I took his face in my hands, imagining. Wondering if being with him could drive away the pain. Weighing the possible consequences. I thought of Carrie's warnings. Of her insistence that God had brought me here. What new way would he think of to punish me if I went through with this? What on earth would happen if anyone found out?

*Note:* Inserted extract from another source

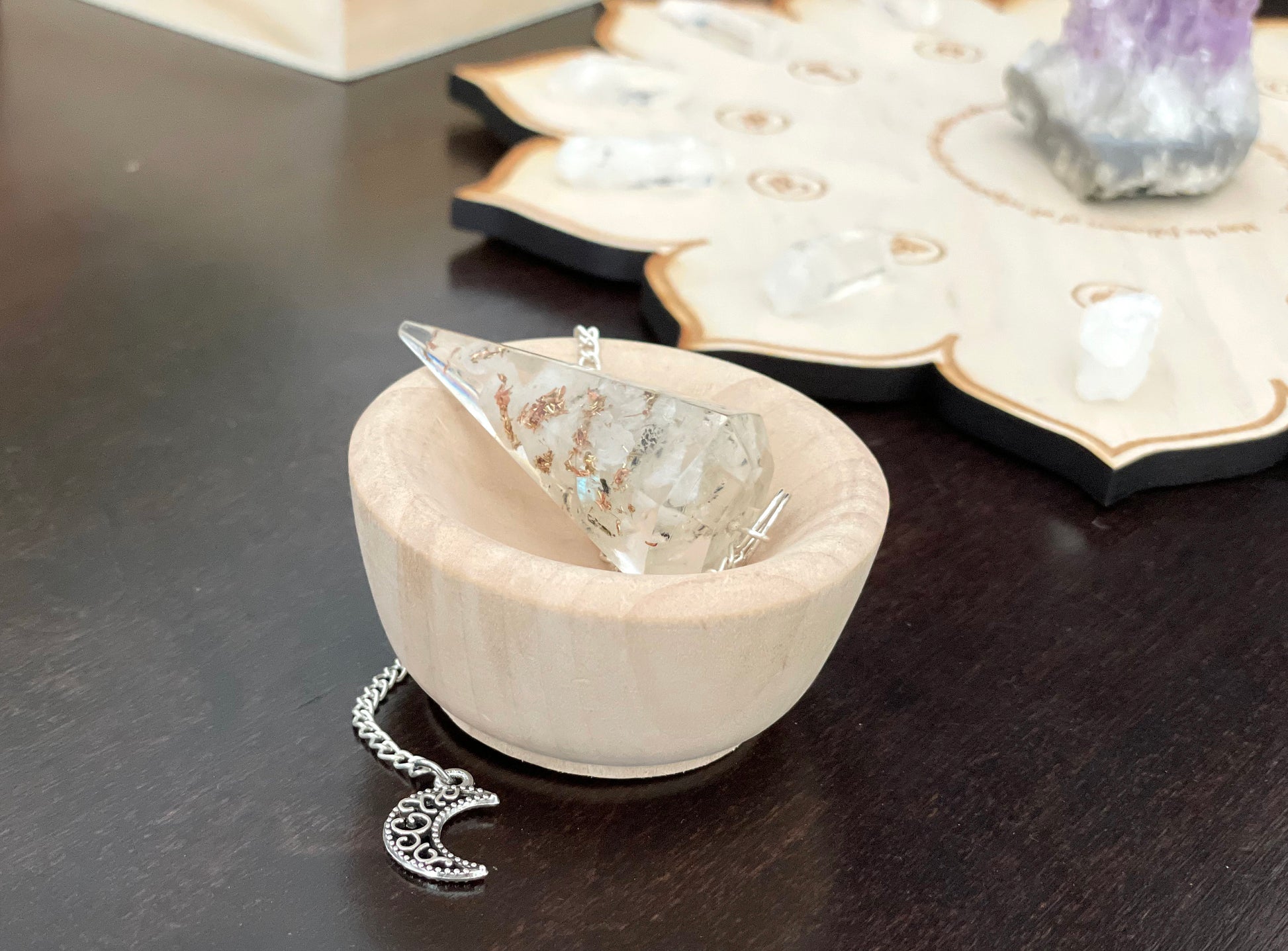 - 1 pendulum of your choice and a mini wooden bowl for storage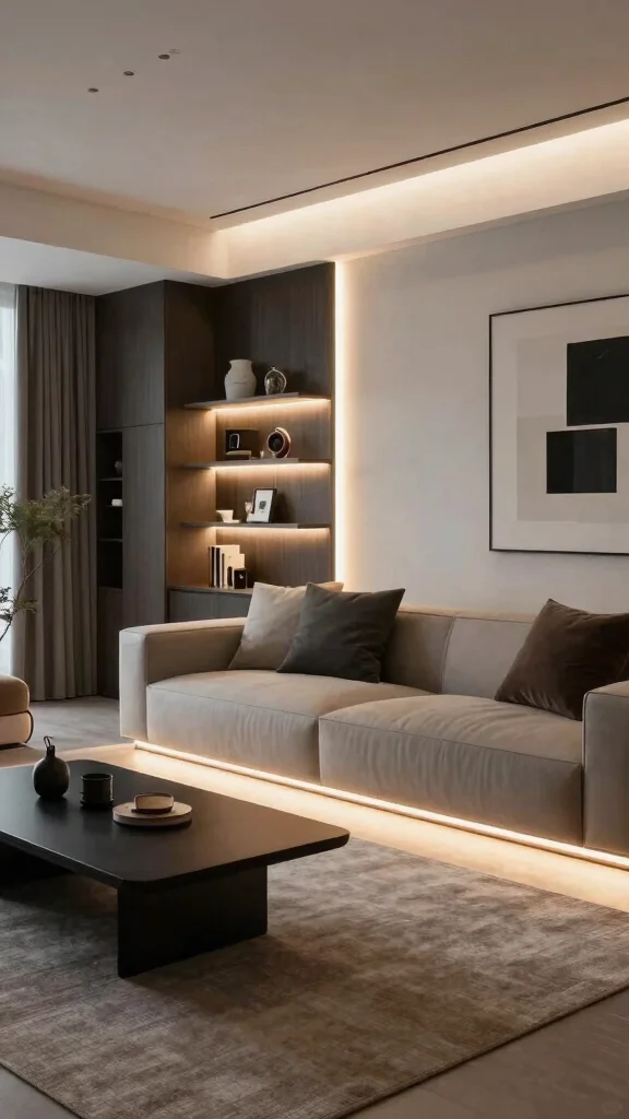 LED strip lighting offers a modern and stylish way to enhance your living room. These flexible, adhesive light strips can be installed under furniture, along shelves, or around door frames, creating a unique ambient glow.

What would it do to Daddy? Finally I thought of the pain I'd endured over Danny and my new resolve to put it behind me once and for all.

I looked into John's eyes and the questions melted away.

His hair was mussed on one side and I combed it with my fingers.

“I'll need directions.”

chapter 54

I
could not sleep Friday night with the demons that plagued me, my thoughts skittering like dry autumn leaves. I longed for Sunday with an aching heart. Yet my conscience still railed at me. I knew Mama would not begin to understand; I'd never make peace with her if she found out. And the stress it could cause Daddy! I couldn't bear to think of his paying the price for my impulsive actions. How could I even think of saying yes to John? Had I not cost us enough already?

My mind squalled until night became morning, the gray dawn seeping across my wedding ring quilt and spilling onto the floor. Daddy was quiet at breakfast and Mama was sullen, both of them glancing at the circles beneath my eyes and misunderstanding their reasons. I thought of other girls and their mothers; I thought of Danny and Patricia Cander and wondered for the millionth time what it would be like to feel loved and nurtured by Mama.

I thought of John.

“Daddy,” I pleaded, “will you do your exercises today?”

He was caught. Clearly, he did not want to hurt me and feared, based on my appearance, that he had done so, the recalcitrant pupil disappointing the teacher. Neither did he want to give in, for the silence between Mama and me had only grown deeper.

“Okay,” he replied, defeat in his voice.